Download dataset. (2018)

This dataset is part of the “Benchmark of Visual Storytelling in Social Media”, a joint work between UNL and BBC R&D, in the context of the H2020 COGNITUS project.

The dataset, first developed for the TRECVID 2018 “Social-media Video Storytelling Linking” task, comprises content (images + videos + metadata) from two major events, Edinburgh Festival 2016 and Tour de France 2016. For each event, a set of news storylines are provided, with the data collection covering the unfolding of these event stories.

Please, cite our paper if you use the dataset:

Gonçalo Marcelino, David Semedo, André Mourão, Saverio Blasi, Marta Mrak, and Joao Magalhaes, A Benchmark of Visual Storytelling in Social Media, ICMR 2019.


News Quality dataset

Download dataset. (3 November 2016)

Online news editors ask themselves the same question many times: what is missing in this news article to go online? This is not an easy question to be answered by computational linguistic methods. In this dataset, we address this important question and characterise the constituents of news article editorial quality. More specifically, we identify 14 aspects related to the content of news articles.


The dataset comprises 500 news articles, fully annotated with 14 aspects defining a linguistic benchmark for assessing the quality of online news articles.
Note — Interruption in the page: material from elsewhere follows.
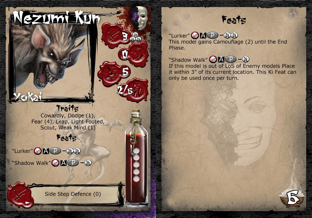 Little is known about the origins of Nezumi Kun, even the scholars of the Blue library could only guess at the occult rituals and black magic used to create this “Son of Nezumi”. The savage Yokai appears more wild and feral than its “father”, striking from nowhere, only a rank stench left to mark its passage before it scuttles away into the darkness. Waiting and lurking in the shadows waiting for instruction from a faceless unseen evil.

Please, cite our paper if you use the dataset:

I. Arapakis, F. Peleja, B. Berkant and J. Magalhaes, Linguistic Benchmarks of Online News Article Quality, ACL 2016.

Novaemötions dataset

Download dataset

This dataset contains the facial expression images captured using the novaemötions game. It contains over 40,000 images, labeled with the challenged expression and the expression recognized by the game algorithm, augmented with labels obtained through crowdsourcing.

BBC cross-media dataset

This is a dataset used for cross-media data analysis. It contains a set of news articles with the text corpus and the corresponding image illustrations. The dataset was used in a Web news classification task.

Download it here.

If you use this dataset, please cite this article:

Web news categorization using a cross-media document graph
José Iria, Fabio Ciravegna, João Magalhães
Proceedings of the ACM international conference on Image and Video Retrieval (ACM CIVR 2009).